“In two or three years, Insightec can make a profit,” Dr. Maurice Ferré, CEO of a veteran Israeli medical device company, told Globes recently. Is Insightec profitable? Let’s take a look. According to Startup Nation Central’s startup database, this is a company that has raised more than $600 million over the course of its existence than any other privately held company in Israel. Money funds the development of outstanding technology, and although the company has even had impressive revenues, it continues to bring about huge losses.
Ferre, who has been in the CEO post for 10 years, is unclear whether he will continue that way in the current state of the market.
“It was okay for a company to lose a lot of money a few years ago when money was easily available and the ratings given to a growth company were high,” he says. “With interest rates rising today, investors find it difficult to tolerate the model, driving companies towards profitability. We hear what the market is looking for, and we are looking in that direction too.”
In the last round of funding last year, Insightec was rated at just $515 million.
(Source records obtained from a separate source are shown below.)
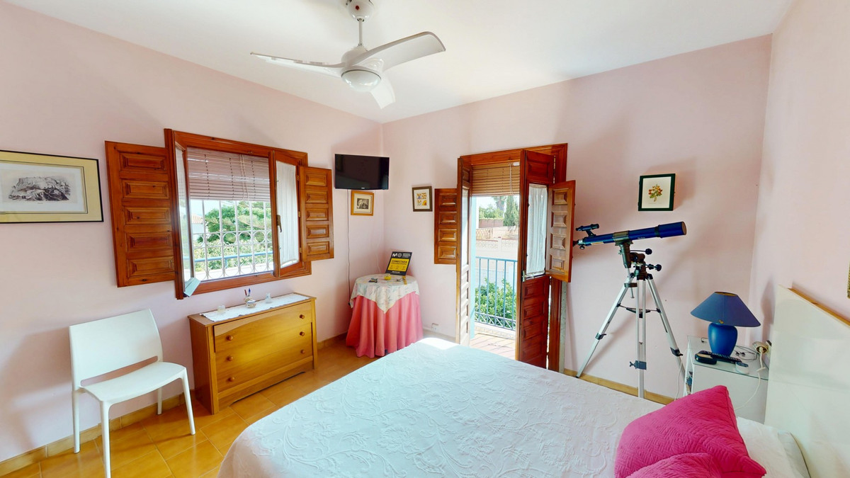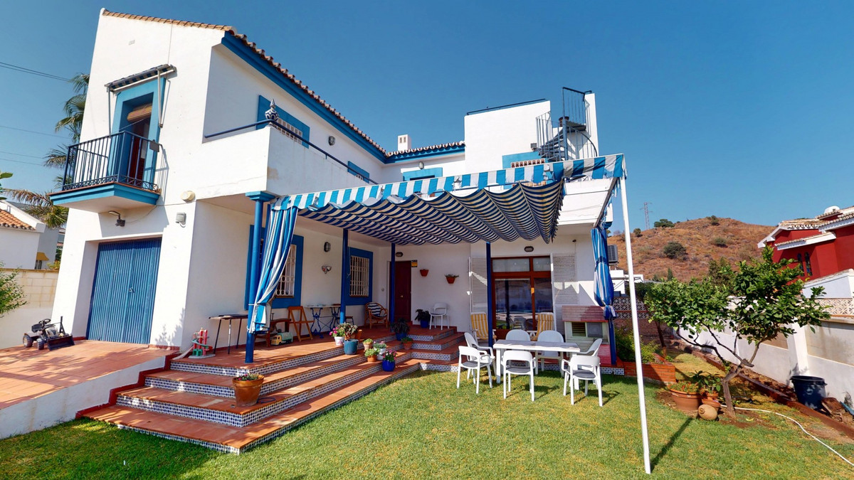 Cette magnifique villa espagnole s'étend sur deux étages et comprend trois chambres, dont une suite parentale impressionnante, et deux salles de bains. Elle allie le charme andalou traditionnel au confort moderne. Son design d'inspiration méditerranéenne se reflète dans les sols en terre cuite, les chaleureux éléments en bois et les espaces lumineux et aérés. Le séjour bénéficie d'une configuration unique en demi-niveaux avec des frises de carrelage décoratives, une cheminée accueillante et des étagères intégrées. Un élégant escalier en bois mène à l'étage, tandis que la cuisine ouverte communique harmonieusement avec le séjour, idéale pour la vie de famille ou pour recevoir. Les chambres sont spacieuses et disposent de placards intégrés pour un rangement optimal. De grandes fenêtres avec volets en bois traditionnels laissent entrer la lumière naturelle et offrent des vues pittoresques sur les environs. Les salles de bains sont pleines de caractère, l'une d'elles étant dotée d'un sol à damier bleu et blanc avec des frises de carrelage décoratives. À l'extérieur, la villa offre un jardin privé avec piscine, un espace détente idéal pour se relaxer, un garage et une terrasse sur le toit avec une vue imprenable, parfaite pour profiter du climat et des paysages de la Costa del Sol. Située à Chilches, cette propriété est idéale comme résidence principale, résidence secondaire ou investissement locatif. Nous sommes ravis de pouvoir vous présenter prochainement ce bien d'exception, en personne ou virtuellement. Car ce monde est unique, à l'image de notre Axarquía. En Andalousie. Sur la Costa del Sol. Ici, la vie est belle et ensoleillée…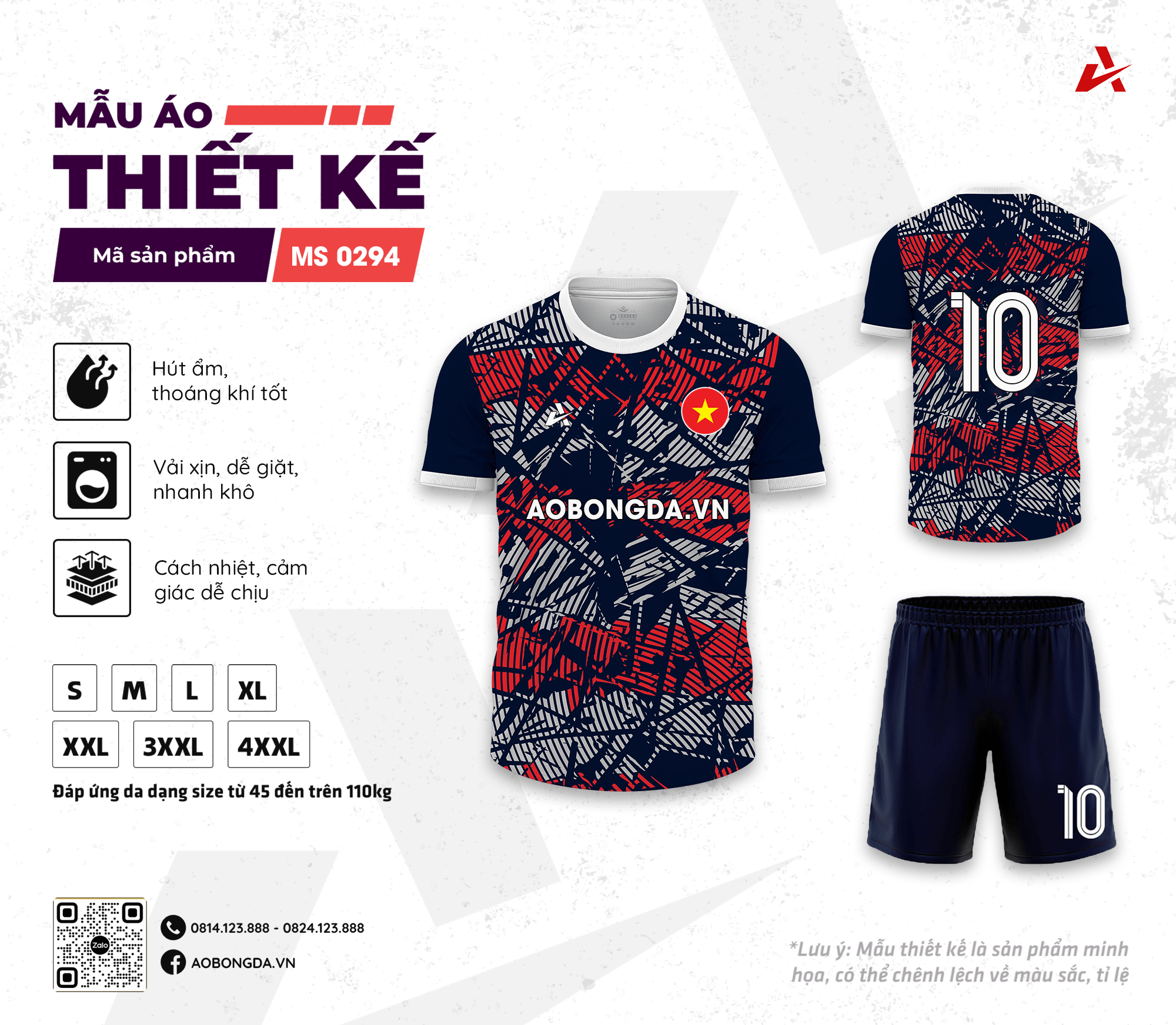 Mẫu áo thiết kế MS0294 là sự kết hợp hoàn hảo giữa phong cách thời trang hiện đại và chất lượng vượt trội. Áo đá bóng có màu đỏ đen chủ đạo, nổi bật với các họa tiết độc đáo, mang đến vẻ ngoài mạnh mẽ và đầy cá tính. Áo bóng đá tự thiết kế được làm từ chất liệu vải cao cấp, thoáng mát và thấm hút mồ hôi tốt, giúp bạn luôn cảm thấy thoải mái trong mọi hoạt động.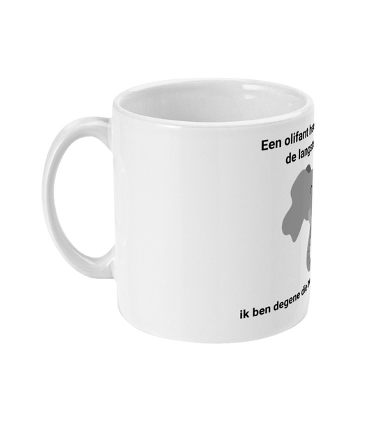 Een olifant heeft dan wel de langste slurf, ik ben degene die bovenop jou durf.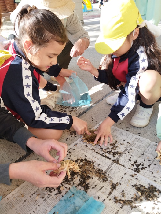 元気に咲いたヒマワリの種を、年長組の子ども達が一粒ずつ丁寧に採ってくれました。 来年また、この種から元気なヒマワリが咲くのが楽しみです🌻 | ||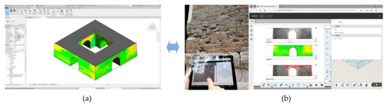 The components were subdivided using “parts” in Revit. This enabled the brickwork laid at different times to be distinguished manually and provided elevations, sections, and isometric views at a fine scale (1:50) (Figure 8c). However, the cost of subdividing components was the loss of the semantic data that were attached to components in Revit. The transition between components and subdivided parts is reversible; they can be switched for an HR survey with different concentrations.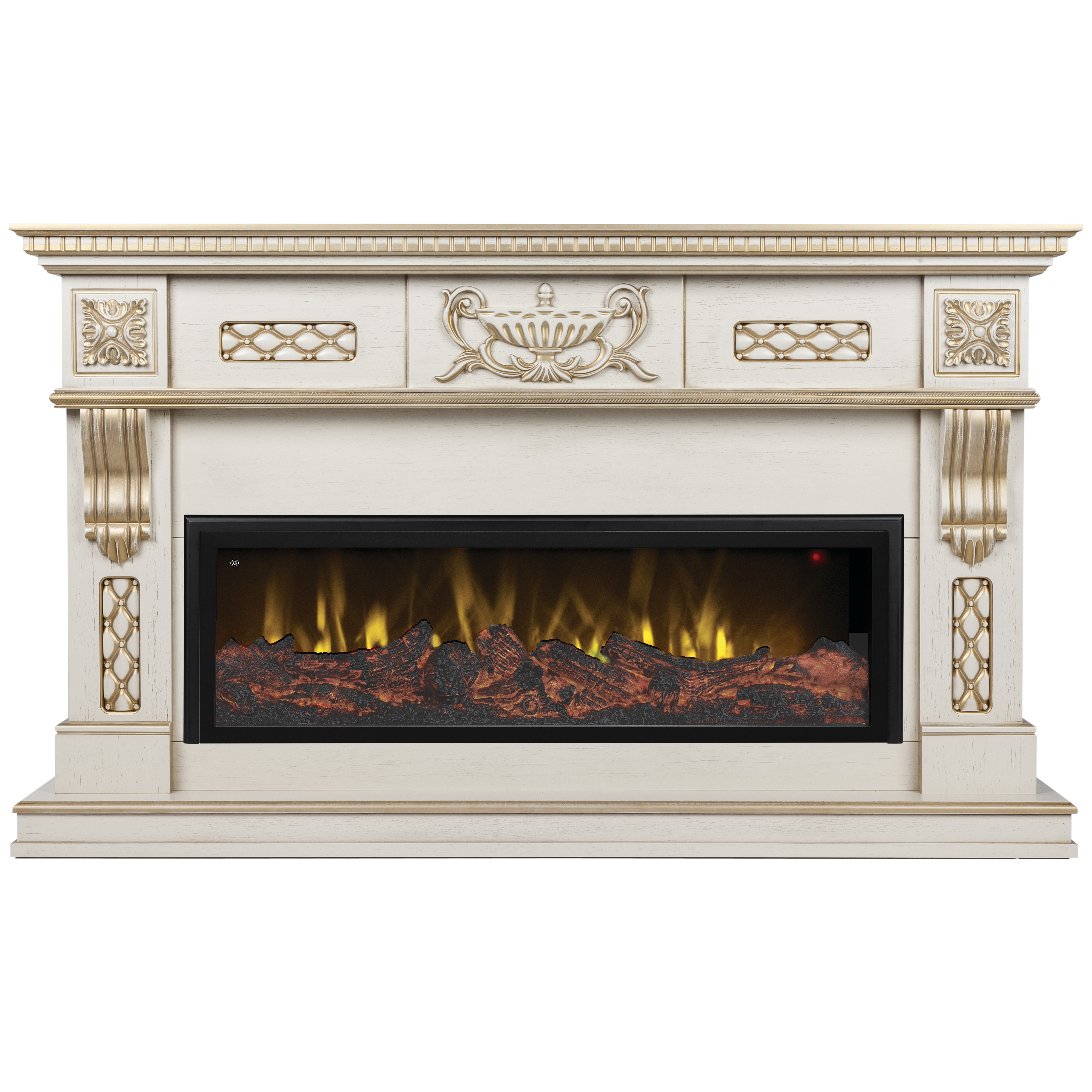 Каминокомплект RealFlame Corsica 42 WT очаг Beverly 1000 изготавливается только из качественных материалов таких, как МДФ и шпон. А классические цвета портала прекрасно подчеркивают яркое пламя камина.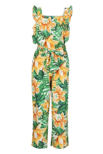 Ruffle Open Back Tropical Print Jumpsuit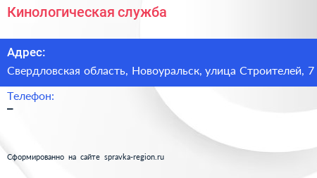 Кинологическая служба по адресу Свердловская область, Новоуральск, улица Строителей, 7 в дальнейшем Организация, размещена в следующих категориях: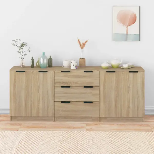 See 3-osaline puhvetkapp sonoma tamme toonis ühendab minimalistliku välimuse ja praktilise hoiuruumi. Tehispuidust korpused on sileda pinnaga ning sobivad hästi elutuppa, söögituppa või esikusse, aidates hoida igapäevased esemed silma alt ära ja ruumi korrastatuna.

This comes from the finances of Elbit Medical, a publicly traded company that owns 2% of Insightec.
It’s starting to happen
Of course, it’s best to make a profit, but can Insightec do that? This week, the approval from the U.S. Food and Drug Administration to use Insightec devices for new indications of Parkinson’s disease patients represents one building block of the structure Ferre is about to build, expanding the addressable market. By concentrating ultrasound energy from several directions under MRI guidance, the product deals with non-Parkinson tremors, and in recent years it has also dealt with a variety of Parkinson’s disease. “The competing technology is brain stimulation using electrodes. This is a procedure that involves opening the skull, not a growing market. We don’t expect competition for our technology because of the high barrier to entry,” says Ferre.
The company’s products are very expensive. The system itself costs around $2 million, and treatment is priced at thousands of dollars per patient. You can’t afford these treatments unless your insurance company covers them. Until now, insurance coverage for the company’s products has been fairly thin, but the new product is better in that respect than its previous products.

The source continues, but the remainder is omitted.